◆ TASK REQUIREMENTS ◆
Print nothing beyond the line with "The sacred Chenrezig": every line from the beginning of the data up to it, that line included, and no pictures.

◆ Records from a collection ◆
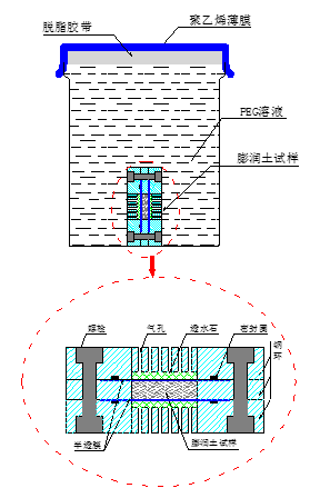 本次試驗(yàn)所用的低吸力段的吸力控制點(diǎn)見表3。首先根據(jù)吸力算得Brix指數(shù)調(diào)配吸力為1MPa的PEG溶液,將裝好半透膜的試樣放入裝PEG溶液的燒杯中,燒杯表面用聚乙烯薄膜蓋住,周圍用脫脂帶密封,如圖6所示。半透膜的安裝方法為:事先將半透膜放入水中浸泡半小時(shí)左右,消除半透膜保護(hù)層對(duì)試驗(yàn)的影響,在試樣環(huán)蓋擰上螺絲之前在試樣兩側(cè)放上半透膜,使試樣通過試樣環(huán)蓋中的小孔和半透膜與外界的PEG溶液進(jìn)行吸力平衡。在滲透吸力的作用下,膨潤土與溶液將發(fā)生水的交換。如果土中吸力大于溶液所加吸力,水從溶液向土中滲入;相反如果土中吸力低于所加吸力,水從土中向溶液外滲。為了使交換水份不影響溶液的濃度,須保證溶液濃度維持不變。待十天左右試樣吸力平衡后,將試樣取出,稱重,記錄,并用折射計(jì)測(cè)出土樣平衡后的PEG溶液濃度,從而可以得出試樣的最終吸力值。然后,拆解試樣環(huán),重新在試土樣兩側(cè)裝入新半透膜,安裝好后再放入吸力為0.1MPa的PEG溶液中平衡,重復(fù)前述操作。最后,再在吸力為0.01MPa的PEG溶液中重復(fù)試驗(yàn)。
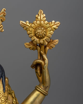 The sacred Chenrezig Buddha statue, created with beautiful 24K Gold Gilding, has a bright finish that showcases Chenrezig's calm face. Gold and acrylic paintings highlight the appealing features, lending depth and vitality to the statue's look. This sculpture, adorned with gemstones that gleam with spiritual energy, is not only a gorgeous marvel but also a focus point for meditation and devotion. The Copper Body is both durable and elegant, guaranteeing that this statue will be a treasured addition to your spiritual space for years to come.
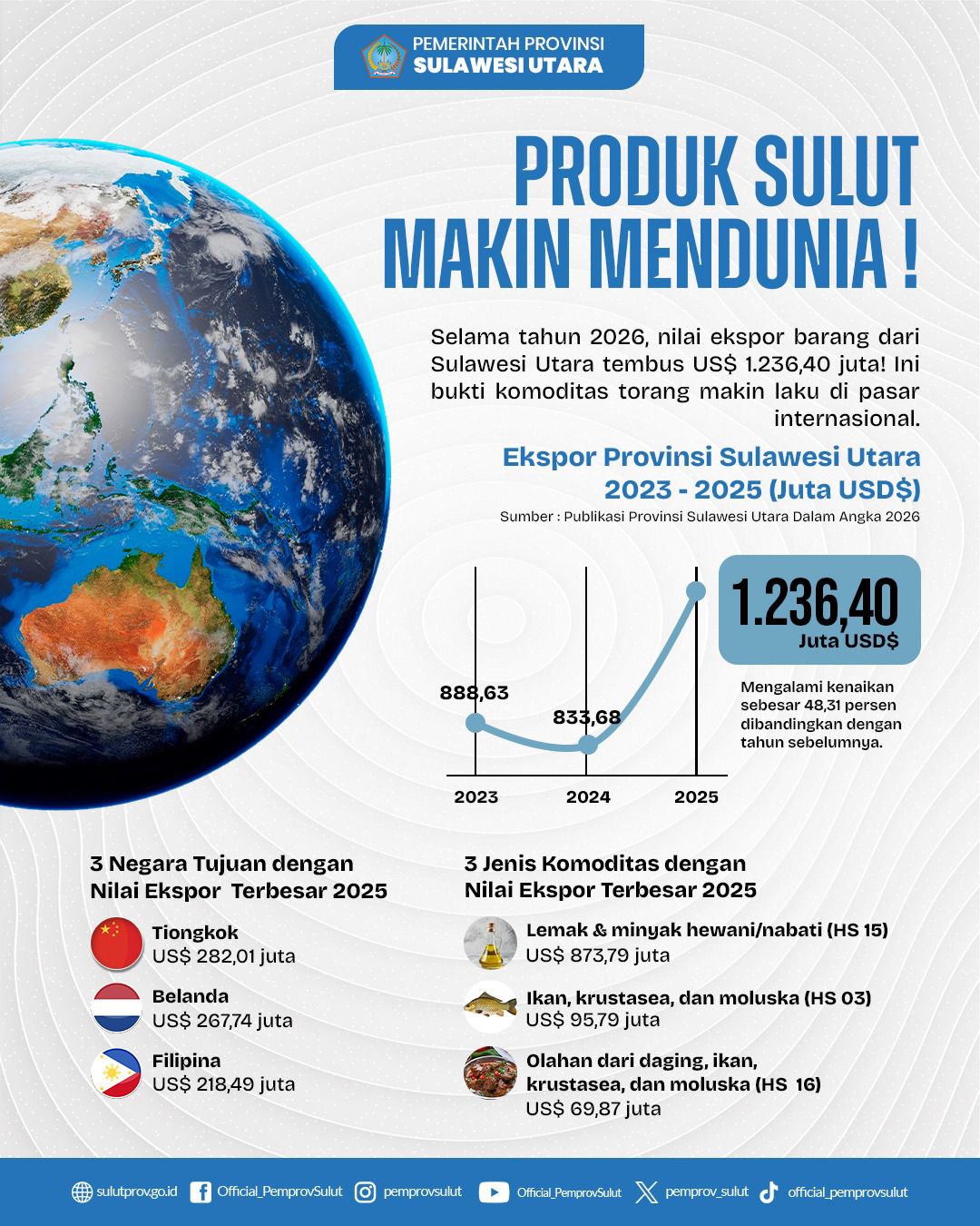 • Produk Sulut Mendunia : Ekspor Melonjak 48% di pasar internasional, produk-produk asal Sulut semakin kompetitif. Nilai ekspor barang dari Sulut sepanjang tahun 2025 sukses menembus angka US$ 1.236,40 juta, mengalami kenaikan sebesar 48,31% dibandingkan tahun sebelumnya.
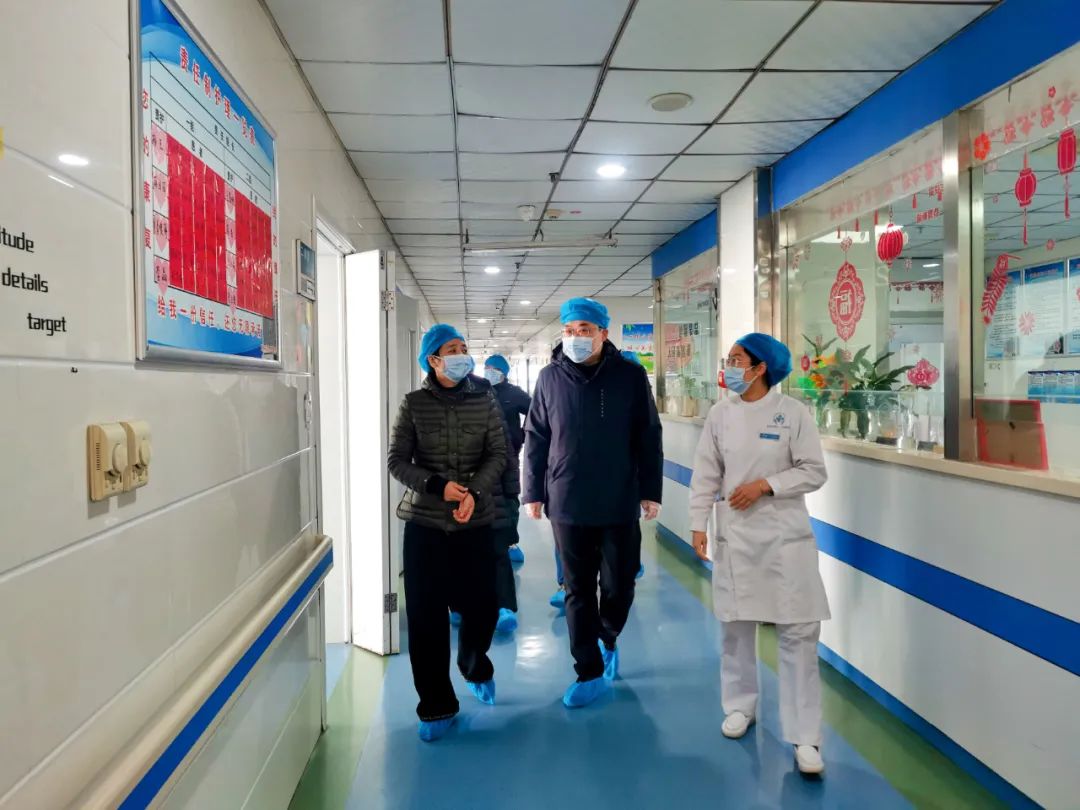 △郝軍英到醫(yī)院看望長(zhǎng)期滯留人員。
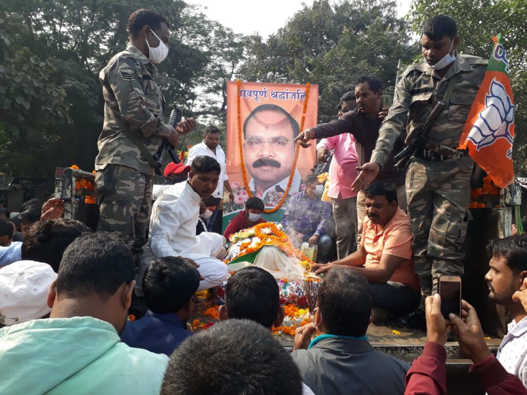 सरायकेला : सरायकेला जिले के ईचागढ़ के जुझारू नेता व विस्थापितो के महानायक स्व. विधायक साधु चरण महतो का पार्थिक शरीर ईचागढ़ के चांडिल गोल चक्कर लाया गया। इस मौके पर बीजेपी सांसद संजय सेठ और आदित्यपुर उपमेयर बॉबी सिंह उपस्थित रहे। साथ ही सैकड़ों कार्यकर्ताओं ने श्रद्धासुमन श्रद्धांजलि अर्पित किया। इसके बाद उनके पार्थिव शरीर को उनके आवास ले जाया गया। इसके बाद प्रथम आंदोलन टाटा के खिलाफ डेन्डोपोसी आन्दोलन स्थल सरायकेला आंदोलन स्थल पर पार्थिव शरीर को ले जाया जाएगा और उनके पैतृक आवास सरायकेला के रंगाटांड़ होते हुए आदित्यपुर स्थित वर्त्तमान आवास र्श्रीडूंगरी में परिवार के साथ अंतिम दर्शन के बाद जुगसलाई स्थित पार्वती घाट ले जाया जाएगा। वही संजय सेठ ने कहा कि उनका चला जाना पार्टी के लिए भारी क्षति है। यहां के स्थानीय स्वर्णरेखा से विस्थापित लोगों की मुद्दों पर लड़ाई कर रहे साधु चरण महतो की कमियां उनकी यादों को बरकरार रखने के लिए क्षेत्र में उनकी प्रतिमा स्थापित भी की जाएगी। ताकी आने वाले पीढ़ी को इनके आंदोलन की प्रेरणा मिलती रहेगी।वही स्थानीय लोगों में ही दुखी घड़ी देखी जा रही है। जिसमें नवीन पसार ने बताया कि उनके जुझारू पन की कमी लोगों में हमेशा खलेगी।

◆ REPLY ◆
 本次試驗(yàn)所用的低吸力段的吸力控制點(diǎn)見表3。首先根據(jù)吸力算得Brix指數(shù)調(diào)配吸力為1MPa的PEG溶液,將裝好半透膜的試樣放入裝PEG溶液的燒杯中,燒杯表面用聚乙烯薄膜蓋住,周圍用脫脂帶密封,如圖6所示。半透膜的安裝方法為:事先將半透膜放入水中浸泡半小時(shí)左右,消除半透膜保護(hù)層對(duì)試驗(yàn)的影響,在試樣環(huán)蓋擰上螺絲之前在試樣兩側(cè)放上半透膜,使試樣通過試樣環(huán)蓋中的小孔和半透膜與外界的PEG溶液進(jìn)行吸力平衡。在滲透吸力的作用下,膨潤土與溶液將發(fā)生水的交換。如果土中吸力大于溶液所加吸力,水從溶液向土中滲入;相反如果土中吸力低于所加吸力,水從土中向溶液外滲。為了使交換水份不影響溶液的濃度,須保證溶液濃度維持不變。待十天左右試樣吸力平衡后,將試樣取出,稱重,記錄,并用折射計(jì)測(cè)出土樣平衡后的PEG溶液濃度,從而可以得出試樣的最終吸力值。然后,拆解試樣環(huán),重新在試土樣兩側(cè)裝入新半透膜,安裝好后再放入吸力為0.1MPa的PEG溶液中平衡,重復(fù)前述操作。最后,再在吸力為0.01MPa的PEG溶液中重復(fù)試驗(yàn)。
 The sacred Chenrezig Buddha statue, created with beautiful 24K Gold Gilding, has a bright finish that showcases Chenrezig's calm face. Gold and acrylic paintings highlight the appealing features, lending depth and vitality to the statue's look. This sculpture, adorned with gemstones that gleam with spiritual energy, is not only a gorgeous marvel but also a focus point for meditation and devotion. The Copper Body is both durable and elegant, guaranteeing that this statue will be a treasured addition to your spiritual space for years to come.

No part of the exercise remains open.